Segment Open
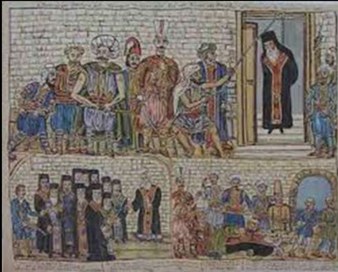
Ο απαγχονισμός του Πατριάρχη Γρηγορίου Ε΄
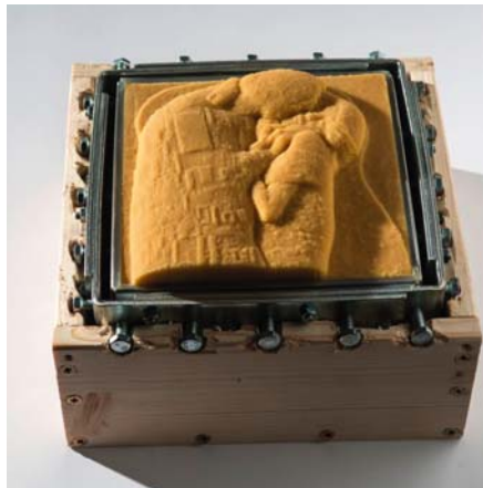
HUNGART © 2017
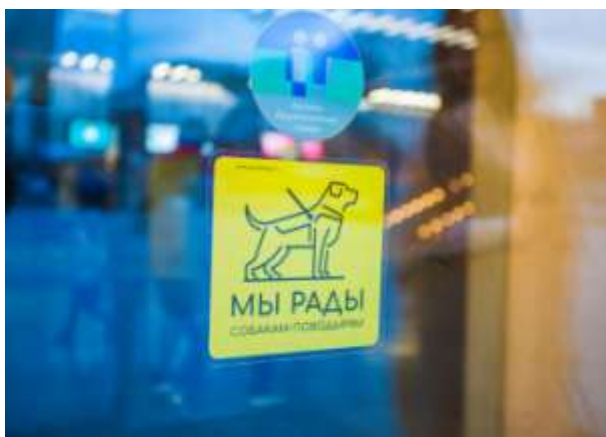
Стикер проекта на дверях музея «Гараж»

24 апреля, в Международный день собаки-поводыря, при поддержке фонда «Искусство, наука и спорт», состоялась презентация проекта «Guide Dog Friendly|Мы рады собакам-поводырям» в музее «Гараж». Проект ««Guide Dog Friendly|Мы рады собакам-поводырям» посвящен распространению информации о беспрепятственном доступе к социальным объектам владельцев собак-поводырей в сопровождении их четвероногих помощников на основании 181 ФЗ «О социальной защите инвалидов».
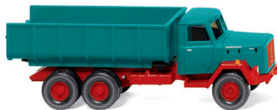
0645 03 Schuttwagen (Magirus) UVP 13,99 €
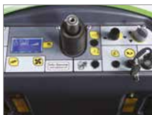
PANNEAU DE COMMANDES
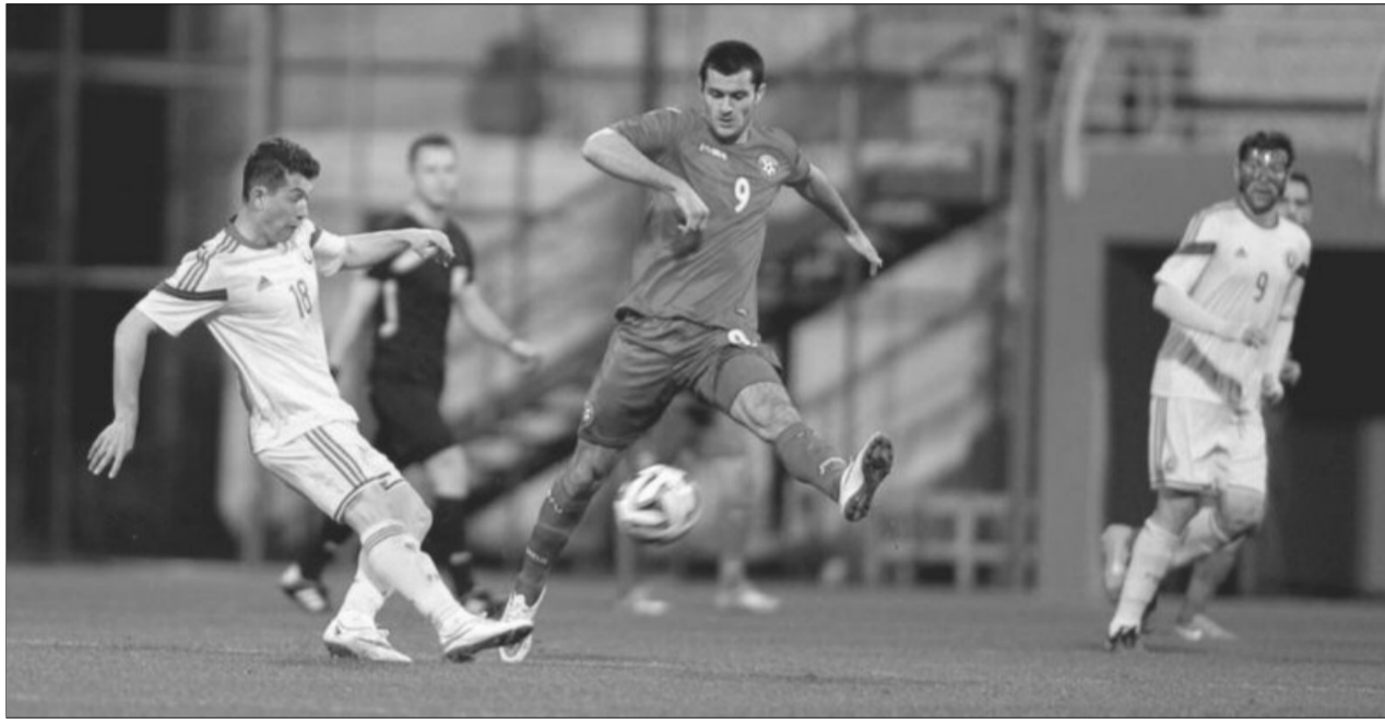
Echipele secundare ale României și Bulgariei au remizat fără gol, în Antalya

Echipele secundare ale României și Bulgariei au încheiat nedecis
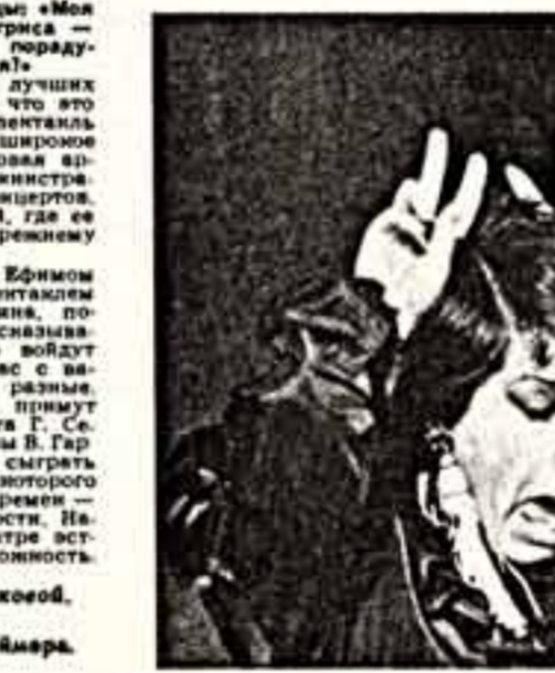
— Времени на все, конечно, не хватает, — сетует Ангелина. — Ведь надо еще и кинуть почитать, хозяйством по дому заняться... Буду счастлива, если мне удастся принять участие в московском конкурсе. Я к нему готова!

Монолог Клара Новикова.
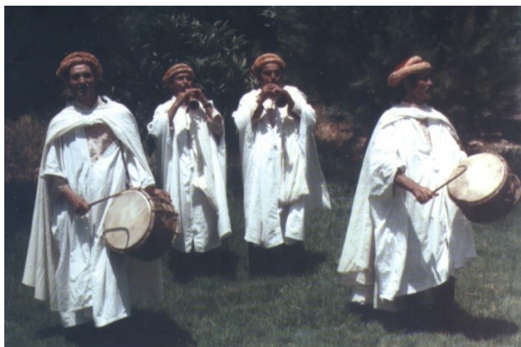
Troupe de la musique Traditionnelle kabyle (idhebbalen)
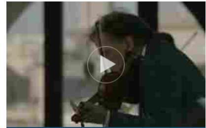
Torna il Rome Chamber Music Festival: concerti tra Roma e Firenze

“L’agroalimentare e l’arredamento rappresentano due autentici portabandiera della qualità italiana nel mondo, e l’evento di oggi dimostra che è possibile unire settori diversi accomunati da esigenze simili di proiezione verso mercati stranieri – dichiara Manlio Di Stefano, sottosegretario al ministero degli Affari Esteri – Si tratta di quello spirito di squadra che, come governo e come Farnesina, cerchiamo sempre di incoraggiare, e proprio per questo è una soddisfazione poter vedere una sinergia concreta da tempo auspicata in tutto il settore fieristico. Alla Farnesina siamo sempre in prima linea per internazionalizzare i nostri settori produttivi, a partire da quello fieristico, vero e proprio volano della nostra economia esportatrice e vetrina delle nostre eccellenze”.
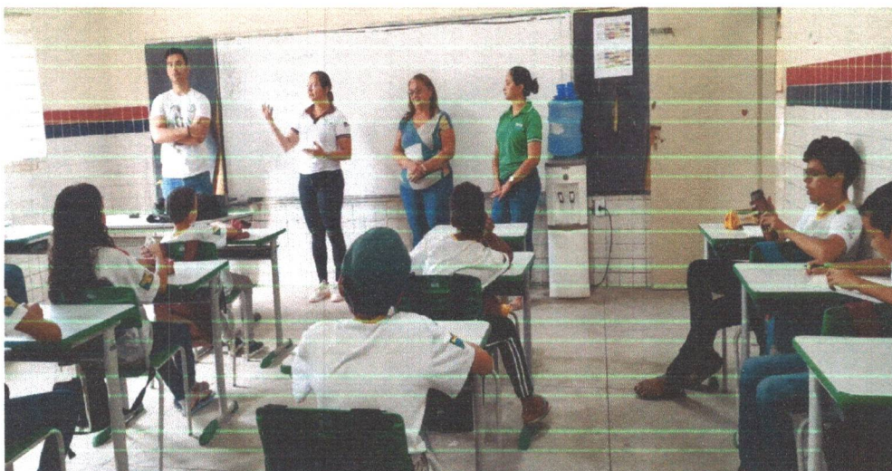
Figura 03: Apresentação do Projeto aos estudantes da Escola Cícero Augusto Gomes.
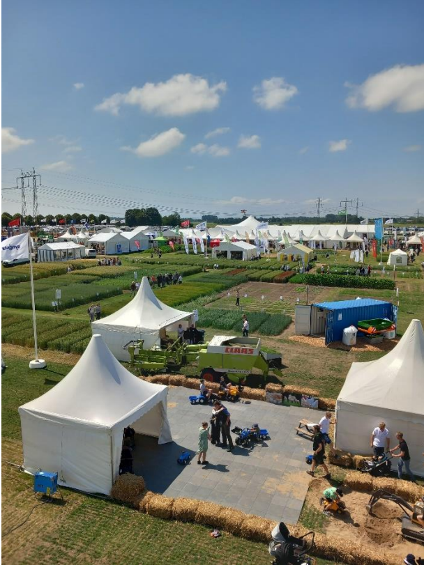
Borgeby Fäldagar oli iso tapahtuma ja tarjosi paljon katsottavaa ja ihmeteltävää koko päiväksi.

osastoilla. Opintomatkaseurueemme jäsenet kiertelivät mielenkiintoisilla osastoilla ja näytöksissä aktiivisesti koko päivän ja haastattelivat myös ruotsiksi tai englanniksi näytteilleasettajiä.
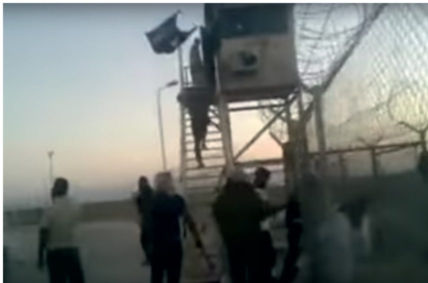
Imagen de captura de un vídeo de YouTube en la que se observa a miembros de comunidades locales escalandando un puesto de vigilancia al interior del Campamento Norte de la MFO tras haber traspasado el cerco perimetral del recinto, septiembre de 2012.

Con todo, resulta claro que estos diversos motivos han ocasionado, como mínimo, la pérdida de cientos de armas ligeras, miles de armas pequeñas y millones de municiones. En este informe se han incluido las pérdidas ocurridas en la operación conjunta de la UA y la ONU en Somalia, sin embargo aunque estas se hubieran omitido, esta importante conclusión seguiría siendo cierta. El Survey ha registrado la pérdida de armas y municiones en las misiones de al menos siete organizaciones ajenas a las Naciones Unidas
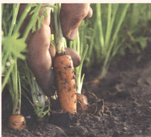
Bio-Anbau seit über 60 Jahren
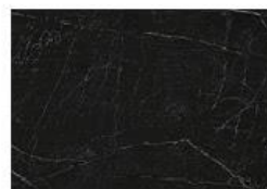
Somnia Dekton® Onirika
Segment Closed
→ **Assigned task**: Read through the data and copy every line where "Гараж" shows up.

→ **Result of the exercise**:
Стикер проекта на дверях музея «Гараж»
24 апреля, в Международный день собаки-поводыря, при поддержке фонда «Искусство, наука и спорт», состоялась презентация проекта «Guide Dog Friendly|Мы рады собакам-поводырям» в музее «Гараж». Проект ««Guide Dog Friendly|Мы рады собакам-поводырям» посвящен распространению информации о беспрепятственном доступе к социальным объектам владельцев собак-поводырей в сопровождении их четвероногих помощников на основании 181 ФЗ «О социальной защите инвалидов».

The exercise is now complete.